RECORD EXCERPTS:
---

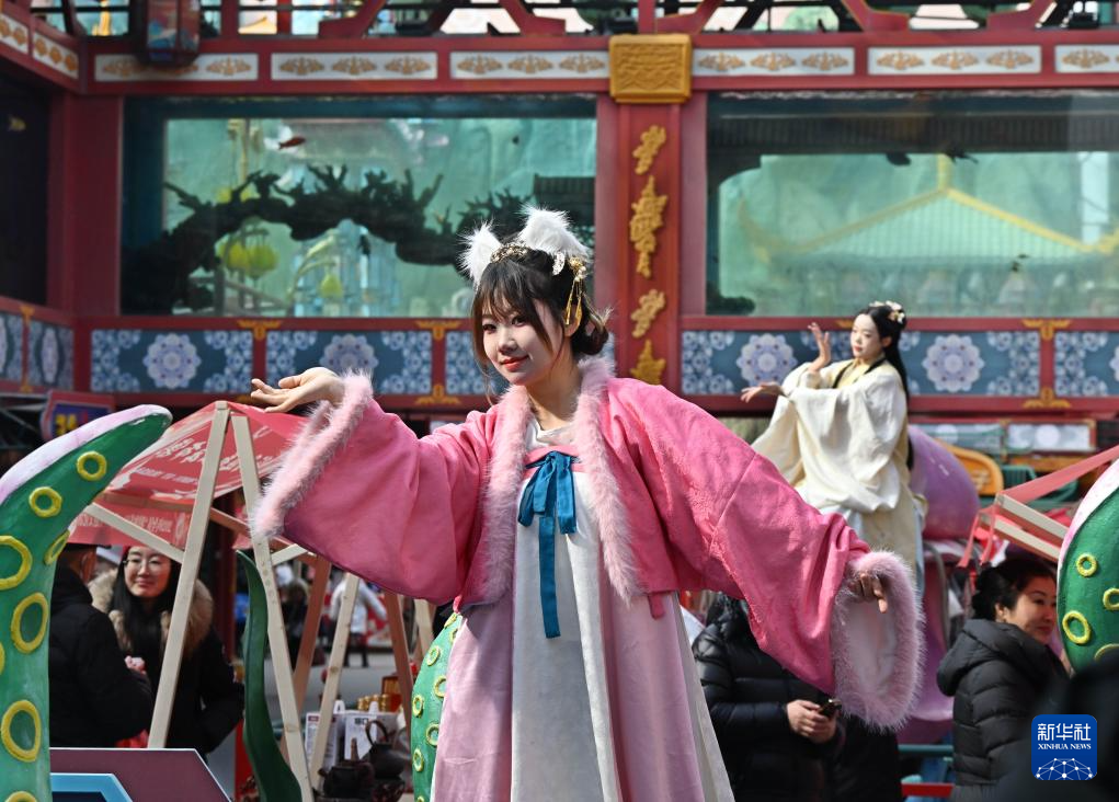 2月10日,在青岛市城阳区山海间不夜城主题街区,演员在活动现场表演。
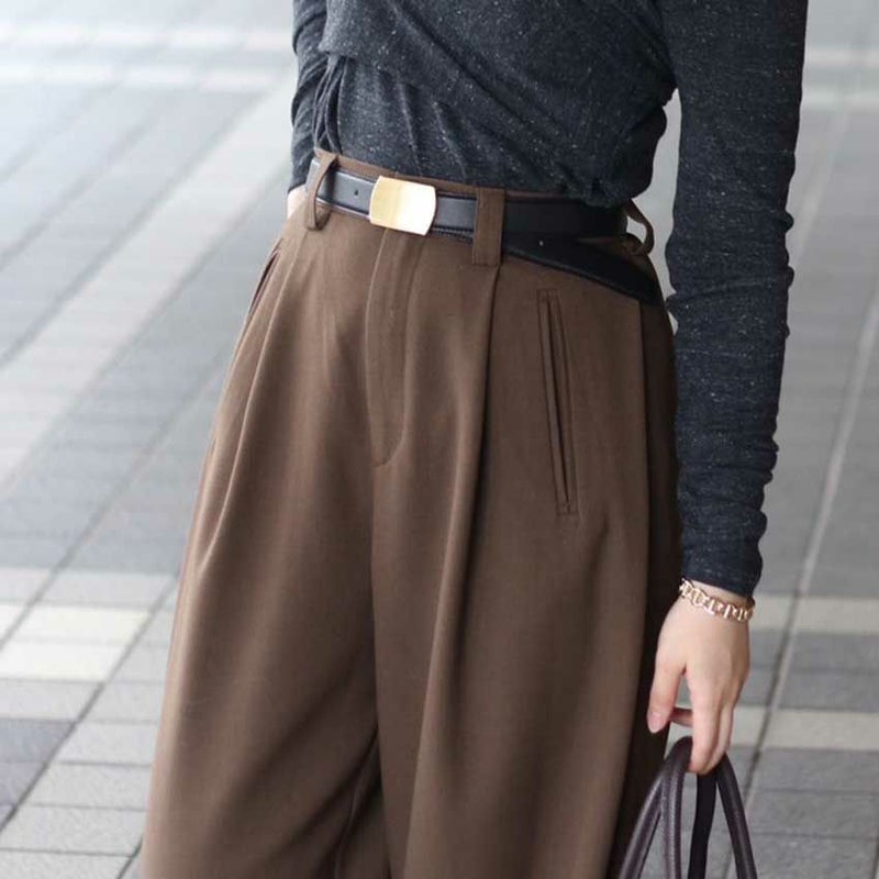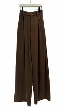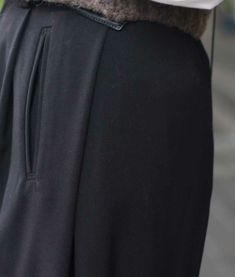 ウォーム感のある上質なツイル素材を贅沢に使用し、サイドにあしらわれたタックが目を引くワイドパンツ。
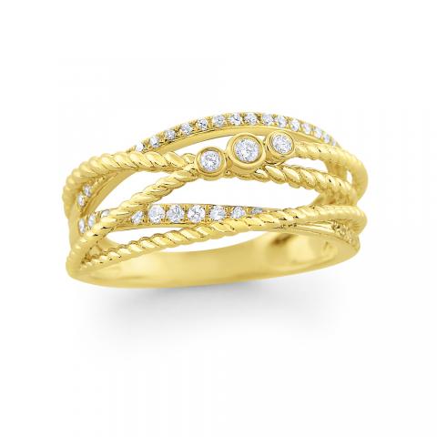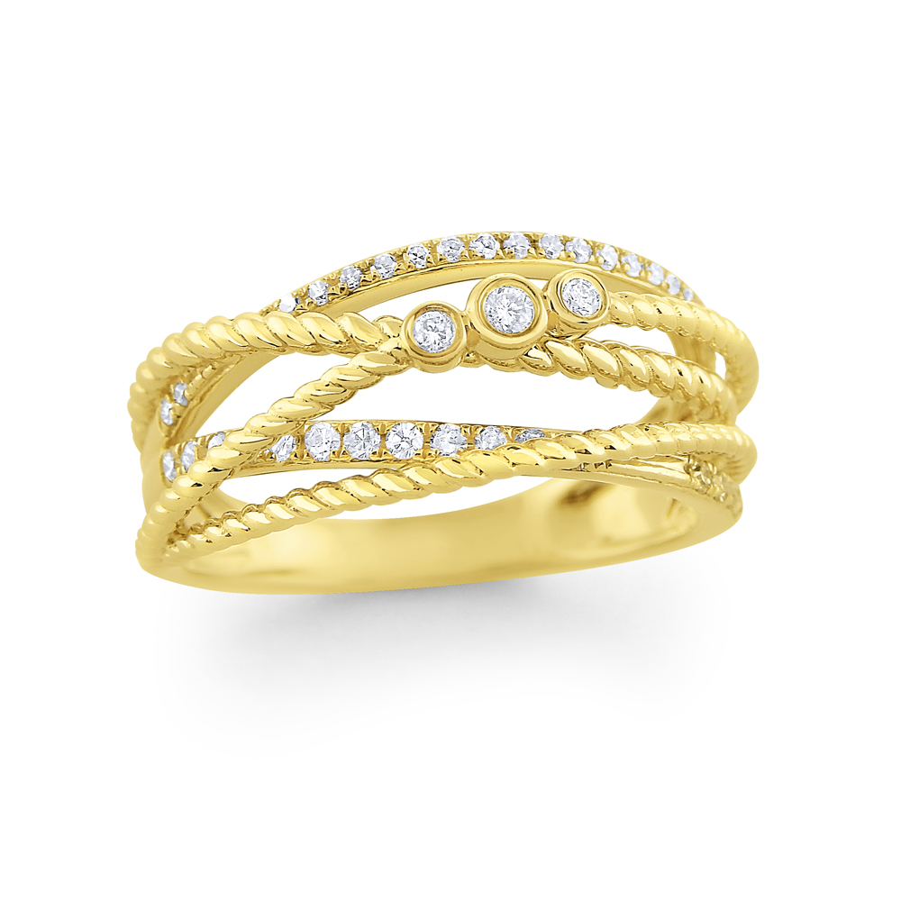 Intertwined gold and diamond bands make up this statement ring set accented with 3 bezel diamonds in the center
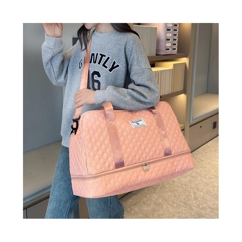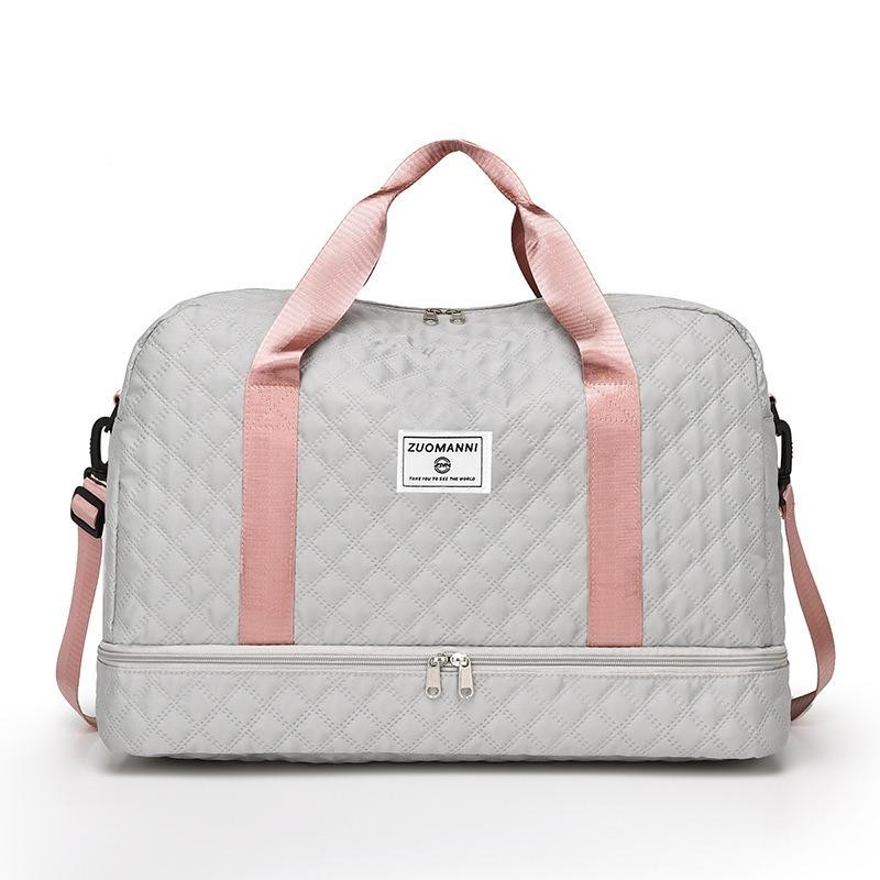 Lightweight Large Capacity Duffle Bag, Stylish Argyle Design, Perfect Carry On Luggage with Separate Shoe Compartment for Travelers - Color: Gray+Pink
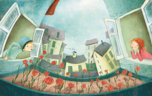 Non erano fratelli, ma si volevano bene come se lo fossero stati. I genitori erano vicini di casa, abitavano in due soffitte nel punto in cui i tetti delle due case confinavano e le grondaie si univano si affacciava da ogni casa una finestrella; bastava solo scavalcare la grondaia, per poter passare da una finestra all’altra. I genitori avevano messo lì fuori ognuno una grossa cassa di legno e in questa crescevano le erbe aromatiche che usavano in cucina, e un piccolo roseto…
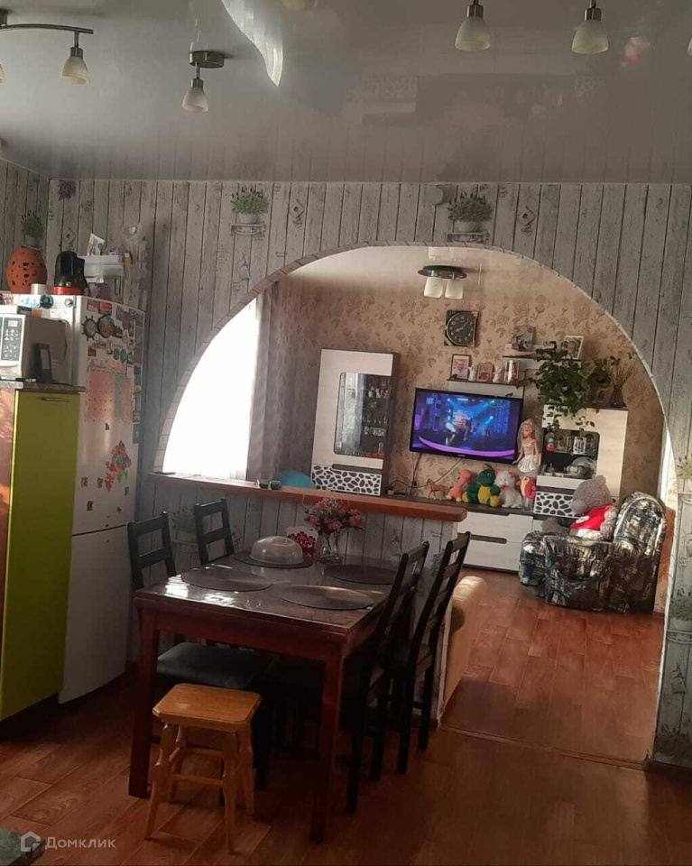 Большая кухня соединена с гостиной, вместительная прихожая. Санузел совмещен. Водоснабжение центральное. Отопление автономное, установлен электро и дровяной котлы.
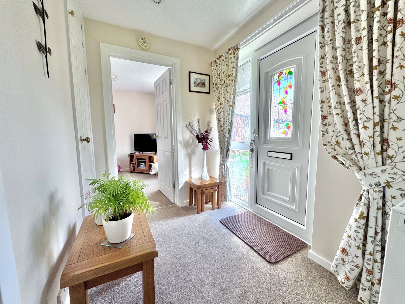 Entrance via a part glazed front door with a frosted side window, there is an emergency alarm, built in cloaks cupboard with a cupboard above and a built-in airing cupboard which houses the hot water cylinder and there is a cupboard above, loft hatch providing access to an insulated loft area and doors to:
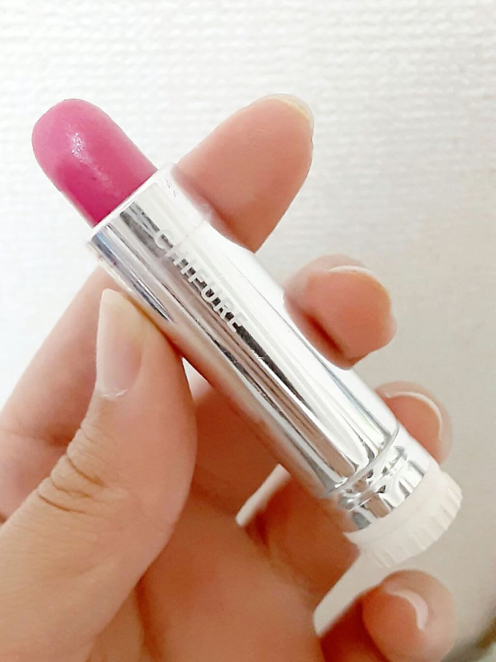ちふれ口紅345番、パープル系パールです😌ブルベ冬の方によく似合うみたいですが綺麗な青みピンクだったので購入してみました☆つけすぎるとすごく発色しますが一度塗りくらいでいい感じの色に✨つけ心地も潤ってすごく良いです😍何よりお安くてそこが嬉しい...
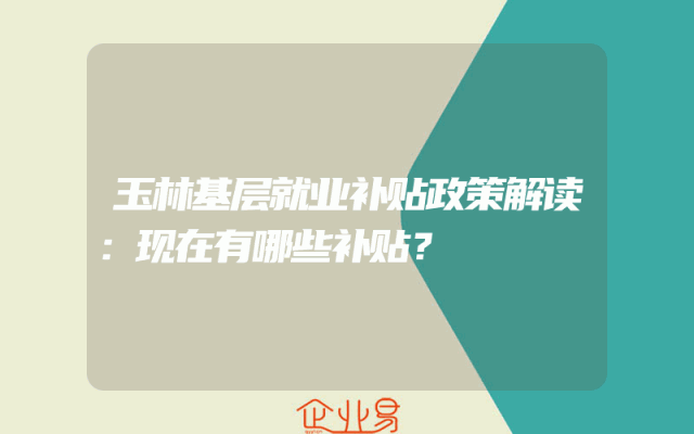 - 玉林基层就业补贴政策解读:现在有哪些补贴?

---

WHAT TO DO:
Please retype every record shown above, exactly as written, but without pictures.

EXERCISE RESPONSE:
 2月10日,在青岛市城阳区山海间不夜城主题街区,演员在活动现场表演。
 ウォーム感のある上質なツイル素材を贅沢に使用し、サイドにあしらわれたタックが目を引くワイドパンツ。
 Intertwined gold and diamond bands make up this statement ring set accented with 3 bezel diamonds in the center
 Lightweight Large Capacity Duffle Bag, Stylish Argyle Design, Perfect Carry On Luggage with Separate Shoe Compartment for Travelers - Color: Gray+Pink
 Non erano fratelli, ma si volevano bene come se lo fossero stati. I genitori erano vicini di casa, abitavano in due soffitte nel punto in cui i tetti delle due case confinavano e le grondaie si univano si affacciava da ogni casa una finestrella; bastava solo scavalcare la grondaia, per poter passare da una finestra all’altra. I genitori avevano messo lì fuori ognuno una grossa cassa di legno e in questa crescevano le erbe aromatiche che usavano in cucina, e un piccolo roseto…
 Большая кухня соединена с гостиной, вместительная прихожая. Санузел совмещен. Водоснабжение центральное. Отопление автономное, установлен электро и дровяной котлы.
 Entrance via a part glazed front door with a frosted side window, there is an emergency alarm, built in cloaks cupboard with a cupboard above and a built-in airing cupboard which houses the hot water cylinder and there is a cupboard above, loft hatch providing access to an insulated loft area and doors to:
ちふれ口紅345番、パープル系パールです😌ブルベ冬の方によく似合うみたいですが綺麗な青みピンクだったので購入してみました☆つけすぎるとすごく発色しますが一度塗りくらいでいい感じの色に✨つけ心地も潤ってすごく良いです😍何よりお安くてそこが嬉しい...
 - 玉林基层就业补贴政策解读:现在有哪些补贴?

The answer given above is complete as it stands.